◆ WORK TO COMPLETE
Your copy must hold all of the data below, unchanged and without images.

◆ LISTED RECORDS
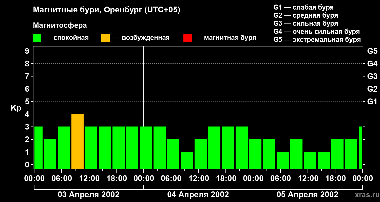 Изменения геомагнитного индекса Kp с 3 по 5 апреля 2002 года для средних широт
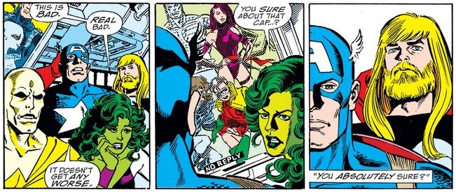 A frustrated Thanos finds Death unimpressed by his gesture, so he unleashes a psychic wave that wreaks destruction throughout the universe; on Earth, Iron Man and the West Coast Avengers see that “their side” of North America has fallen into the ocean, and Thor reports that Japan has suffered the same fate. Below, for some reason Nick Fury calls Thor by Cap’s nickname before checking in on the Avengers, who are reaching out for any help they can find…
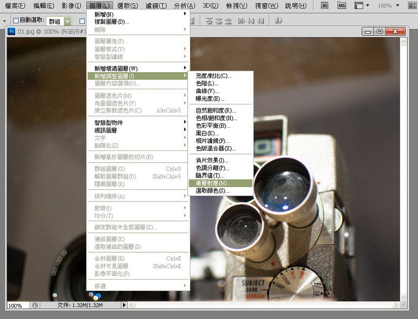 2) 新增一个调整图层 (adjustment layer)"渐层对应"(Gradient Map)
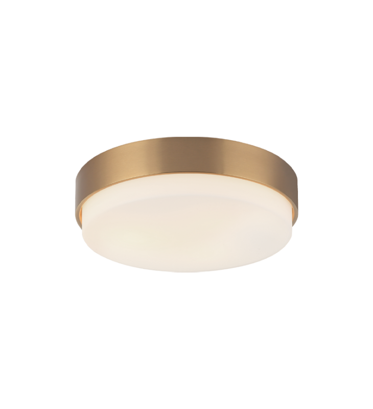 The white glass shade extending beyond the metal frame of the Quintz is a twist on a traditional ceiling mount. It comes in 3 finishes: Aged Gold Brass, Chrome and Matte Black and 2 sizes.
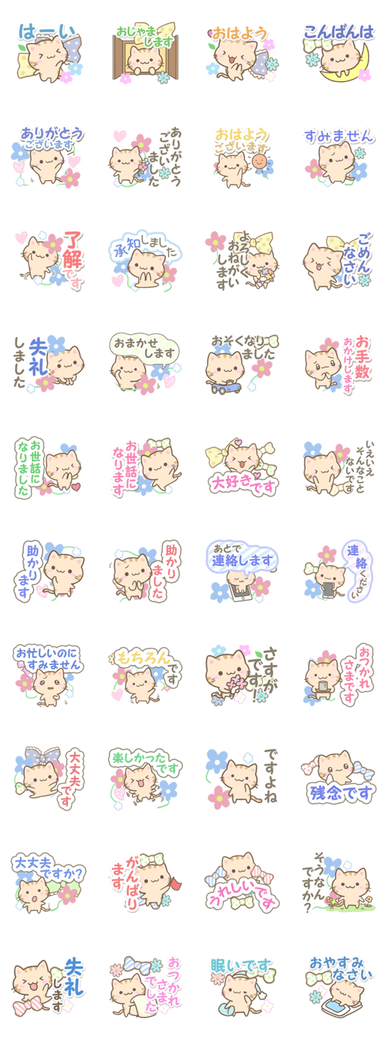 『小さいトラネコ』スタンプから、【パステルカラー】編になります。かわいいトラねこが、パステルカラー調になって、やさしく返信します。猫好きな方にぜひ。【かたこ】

◆ REPLY
 Изменения геомагнитного индекса Kp с 3 по 5 апреля 2002 года для средних широт
 A frustrated Thanos finds Death unimpressed by his gesture, so he unleashes a psychic wave that wreaks destruction throughout the universe; on Earth, Iron Man and the West Coast Avengers see that “their side” of North America has fallen into the ocean, and Thor reports that Japan has suffered the same fate. Below, for some reason Nick Fury calls Thor by Cap’s nickname before checking in on the Avengers, who are reaching out for any help they can find…
 2) 新增一个调整图层 (adjustment layer)"渐层对应"(Gradient Map)
 The white glass shade extending beyond the metal frame of the Quintz is a twist on a traditional ceiling mount. It comes in 3 finishes: Aged Gold Brass, Chrome and Matte Black and 2 sizes.
 『小さいトラネコ』スタンプから、【パステルカラー】編になります。かわいいトラねこが、パステルカラー調になって、やさしく返信します。猫好きな方にぜひ。【かたこ】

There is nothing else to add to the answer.